In yet another showing of how peculiar this presidential race has been, Hillary Clinton has gained the support of a demographic that almost always votes Republican.
According to a recent Bloomberg poll, Clinton is leading Donald Trump among top earners, which describes voters with an annual household income of $100,000 or more. Though it’s a narrow margin—46% to 42%—it was still highly unexpected. Republicans have won among top earners between 1976 and 1992, and since 1996 have either won or tied in that demographic.
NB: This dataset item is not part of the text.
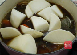 步骤10、分钟后加入白萝卜块再煮20-30分钟即可盛盘上桌

When asked which candidate would be better for their personal investments, Trump leads Clinton 45% to 36%. Additionally, he wins in subcategories such as job creation and bringing change to Washington. However, when it comes to fighting for the middle class, temperament, and foreign policy, Clinton is the winner. Despite who they personally support, 56% of top earners predicted that Clinton would win the election.
Clinton has also widened her fundraising gap over Trump. Though Trump raised more small donations than Clinton, the Wall Street Journal reports that in August she raised about $20 million more than he did. Her campaign ended the month with a total of $194 million in cash on hand, about $91 million more than Trump’s campaign.
Trump has said that he doesn’t need to spend as much money as Clinton does, which makes sense considering how much free advertising he’s received from the media. One report estimated that eight major media outlets provided him with about $55 million in free advertising in the span of 12 months during the primary season.
At the beginning of last month his campaign boasted spending $0 on television advertising compared to Clinton’s $52 million, but he has since ramped up his campaign spending. In the last two weeks of August, he spent $5.2 million on television advertising. Additionally, he increased his payroll spending by $200,00 and almost doubled his field consulting expenditure, reaching $973,000.
Neither Donald Trump’s nor Hillary Clinton’s campaign could immediately be reached for comment.